Exercise goal: Copying rule for the data below: pictures stay out, and only the lines from the one with "裸ん坊となりましたので、ヒバ子さんも お久しぶりに ハーネス装着で出発ッ🐕" down to the one with "Conjunto Fritadeira Air", inclusive, are repeated exactly.

Given data:

*** Begin section ***

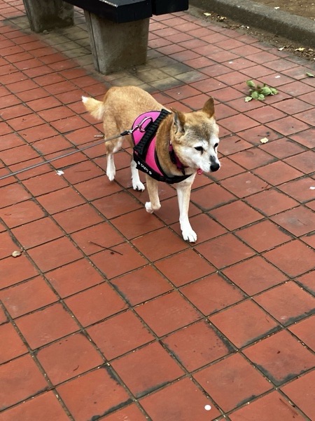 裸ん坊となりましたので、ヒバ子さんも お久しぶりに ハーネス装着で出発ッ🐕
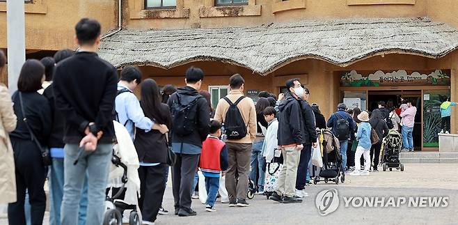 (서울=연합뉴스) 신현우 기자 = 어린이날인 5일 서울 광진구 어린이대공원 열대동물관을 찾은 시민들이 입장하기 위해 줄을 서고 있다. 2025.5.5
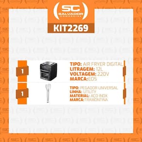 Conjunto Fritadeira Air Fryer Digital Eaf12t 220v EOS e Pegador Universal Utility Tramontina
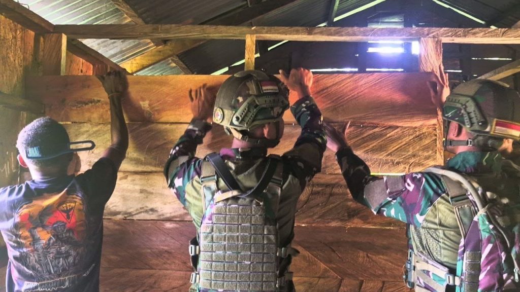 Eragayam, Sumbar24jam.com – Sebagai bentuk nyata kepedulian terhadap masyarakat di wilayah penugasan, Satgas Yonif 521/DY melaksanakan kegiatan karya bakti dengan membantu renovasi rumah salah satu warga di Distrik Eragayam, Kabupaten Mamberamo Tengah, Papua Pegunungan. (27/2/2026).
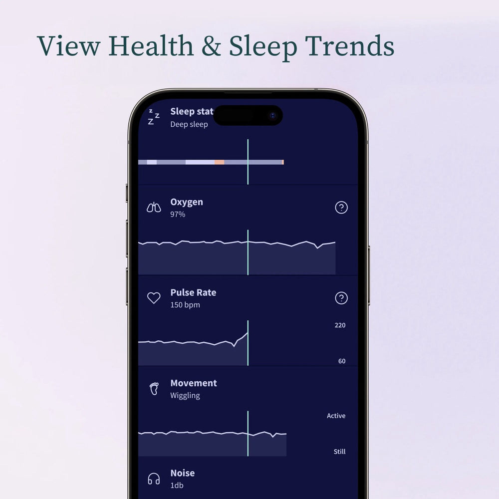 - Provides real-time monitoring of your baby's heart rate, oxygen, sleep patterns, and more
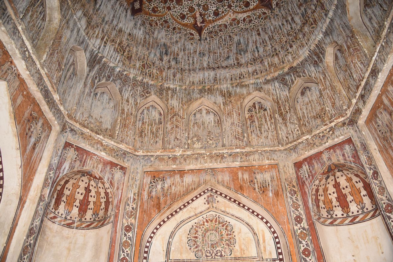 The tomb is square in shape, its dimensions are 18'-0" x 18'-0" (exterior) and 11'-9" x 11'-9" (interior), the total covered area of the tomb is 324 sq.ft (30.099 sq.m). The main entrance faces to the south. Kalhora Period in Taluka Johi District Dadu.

*** End section ***
*** Begin section ***

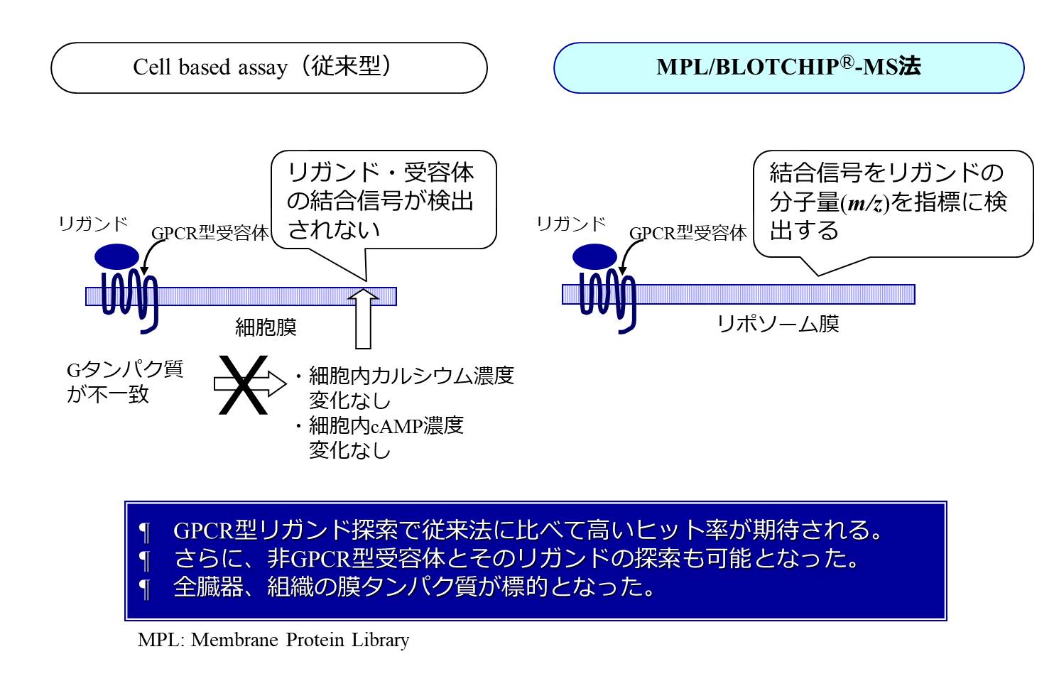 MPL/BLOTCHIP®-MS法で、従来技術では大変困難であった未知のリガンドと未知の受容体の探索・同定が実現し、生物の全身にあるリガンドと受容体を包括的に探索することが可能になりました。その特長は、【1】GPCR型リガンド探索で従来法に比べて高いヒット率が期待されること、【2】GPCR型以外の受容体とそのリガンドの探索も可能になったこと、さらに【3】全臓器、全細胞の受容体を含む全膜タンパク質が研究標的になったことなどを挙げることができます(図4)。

*** End section ***

Exercise answer:
 裸ん坊となりましたので、ヒバ子さんも お久しぶりに ハーネス装着で出発ッ🐕
 (서울=연합뉴스) 신현우 기자 = 어린이날인 5일 서울 광진구 어린이대공원 열대동물관을 찾은 시민들이 입장하기 위해 줄을 서고 있다. 2025.5.5
 Conjunto Fritadeira Air Fryer Digital Eaf12t 220v EOS e Pegador Universal Utility Tramontina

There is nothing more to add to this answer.